Numeracy is the ability to work with numbers to solve problems in real-life situations for example money, wages, timetables, measurements, interpreting graphs and charts and using spread sheets. Numeracy is therefore a concrete and useful concept.
There is a natural crossover between Numeracy and Mathematics: all Mathematics lessons contain Numeracy, however, Numeracy needs to be taught consistently well across all subjects to help our students get the best start in life.
A whole school Numeracy Policy exists to secure high standards in numeracy across the school. It sets out the school’s approach to the teaching of agreed numeracy skills to provide cross-curricular consistency and a basis against which progress can be judged.
Teachers of all subjects have regard for the whole school numeracy policy in their planning of lessons and use and explain mathematical vocabulary whenever it will enhance students’ knowledge, skills and understanding of the topic. Students are encouraged to make mental calculations and estimations when it is sensible to do so and the use the four rules of number is emphasised. Accurate measurement and use of appropriate units of measurement is a feature of lessons and correct use and interpretation of graphs or charts is expected in all subjects.
Department handbooks and schemes of work contain copies of the whole school Numeracy Policy and identify topics/areas requiring numeracy skills.

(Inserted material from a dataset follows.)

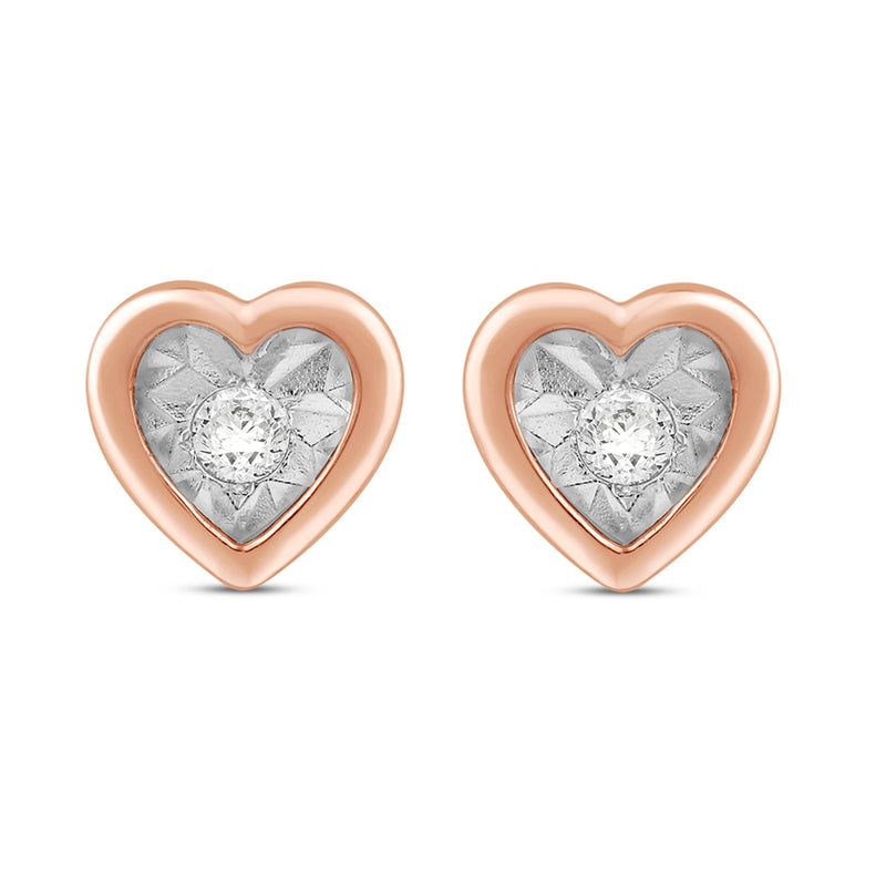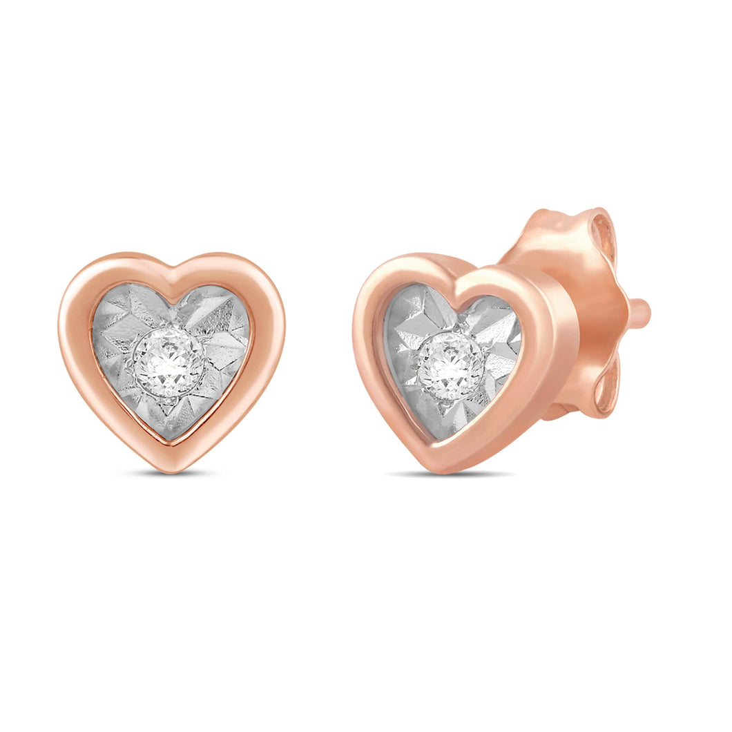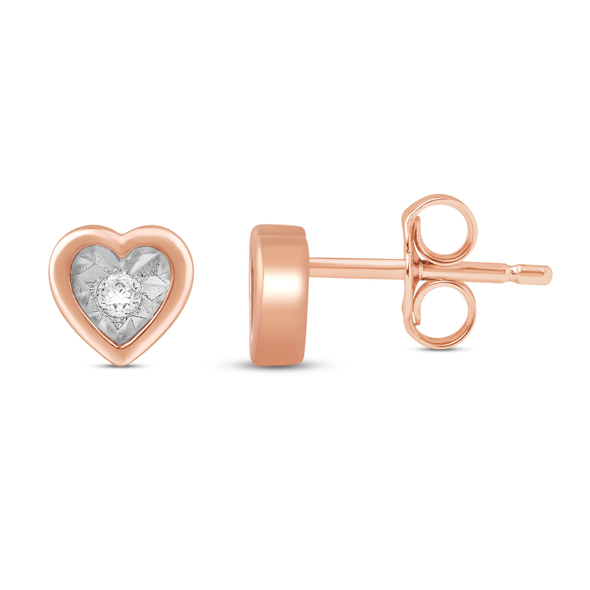 • 14K Rose Gold Over Sterling Silver with Natural White Round Shape Diamond Accent Heart Stud Earrings

The school expects all students to bring their own scientific calculator to lessons when required. Students are encouraged to resort first to mental methods and to have sufficient understanding of the calculation to decide the most appropriate method: mental, pencil and paper or calculator. Students are taught the technical skills required to use the basic facilities of a calculator constructively and efficiently.
All classrooms have a Numeracy poster on displayed which shows methods for approaching any problem involving numbers and this corresponds with the Numeracy page in student planners.
Monitoring and evaluation is through regular review and moderation of students’ work; monitoring of schemes of work in all subjects for numeracy opportunities; evaluation of KS3 levels, GCSE results, teacher assessments and other standardised assessments; observations of the quality of teaching; regular review of resources; student surveys and the involvement of the named governor responsible for monitoring Numeracy.